- _Task brief_: Look in the material below for the line with "Держатель задней стенки" and the line with "キャビネット 幅161cm サイドボード", then set down exactly those two lines and all lines between, nothing more.

- _Data section_:
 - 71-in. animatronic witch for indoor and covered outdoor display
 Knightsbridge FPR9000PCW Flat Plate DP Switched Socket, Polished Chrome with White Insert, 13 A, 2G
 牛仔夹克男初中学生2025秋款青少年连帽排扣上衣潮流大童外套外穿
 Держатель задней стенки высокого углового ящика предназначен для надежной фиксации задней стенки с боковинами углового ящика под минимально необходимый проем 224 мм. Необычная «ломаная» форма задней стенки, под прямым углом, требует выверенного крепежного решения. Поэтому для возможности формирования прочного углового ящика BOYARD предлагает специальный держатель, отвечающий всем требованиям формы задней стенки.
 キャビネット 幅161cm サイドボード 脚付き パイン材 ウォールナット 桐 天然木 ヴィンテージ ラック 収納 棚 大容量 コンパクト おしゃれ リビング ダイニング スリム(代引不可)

==

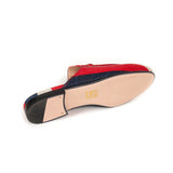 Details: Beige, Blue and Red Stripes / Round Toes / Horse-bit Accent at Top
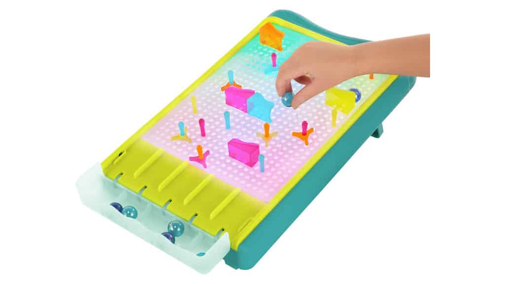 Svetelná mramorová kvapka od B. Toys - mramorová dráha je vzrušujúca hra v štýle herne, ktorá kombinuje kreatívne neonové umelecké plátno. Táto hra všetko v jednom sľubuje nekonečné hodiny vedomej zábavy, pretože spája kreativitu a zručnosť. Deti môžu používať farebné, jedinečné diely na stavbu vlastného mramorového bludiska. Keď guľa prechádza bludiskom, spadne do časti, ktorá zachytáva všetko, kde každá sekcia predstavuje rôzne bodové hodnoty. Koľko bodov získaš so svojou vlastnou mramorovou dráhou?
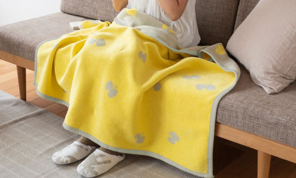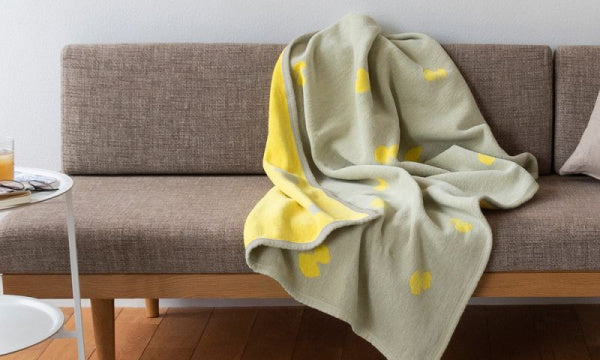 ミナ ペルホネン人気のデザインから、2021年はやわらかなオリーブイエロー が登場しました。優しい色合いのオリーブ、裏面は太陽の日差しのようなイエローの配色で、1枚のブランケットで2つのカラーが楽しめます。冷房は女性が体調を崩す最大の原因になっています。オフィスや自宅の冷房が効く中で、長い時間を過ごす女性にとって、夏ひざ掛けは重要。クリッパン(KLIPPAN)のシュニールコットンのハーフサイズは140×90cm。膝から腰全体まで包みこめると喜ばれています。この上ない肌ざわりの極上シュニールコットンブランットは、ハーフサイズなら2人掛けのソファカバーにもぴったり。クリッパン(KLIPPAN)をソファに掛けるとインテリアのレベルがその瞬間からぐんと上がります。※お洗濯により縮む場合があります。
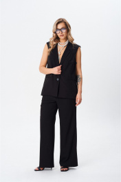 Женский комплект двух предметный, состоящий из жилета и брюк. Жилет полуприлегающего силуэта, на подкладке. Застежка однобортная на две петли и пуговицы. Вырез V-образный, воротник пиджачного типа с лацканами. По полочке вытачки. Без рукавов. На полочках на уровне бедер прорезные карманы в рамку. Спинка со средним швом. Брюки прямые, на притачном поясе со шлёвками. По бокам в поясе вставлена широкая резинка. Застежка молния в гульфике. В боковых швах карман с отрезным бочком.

- _Answer section_:
 Держатель задней стенки высокого углового ящика предназначен для надежной фиксации задней стенки с боковинами углового ящика под минимально необходимый проем 224 мм. Необычная «ломаная» форма задней стенки, под прямым углом, требует выверенного крепежного решения. Поэтому для возможности формирования прочного углового ящика BOYARD предлагает специальный держатель, отвечающий всем требованиям формы задней стенки.
 キャビネット 幅161cm サイドボード 脚付き パイン材 ウォールナット 桐 天然木 ヴィンテージ ラック 収納 棚 大容量 コンパクト おしゃれ リビング ダイニング スリム(代引不可)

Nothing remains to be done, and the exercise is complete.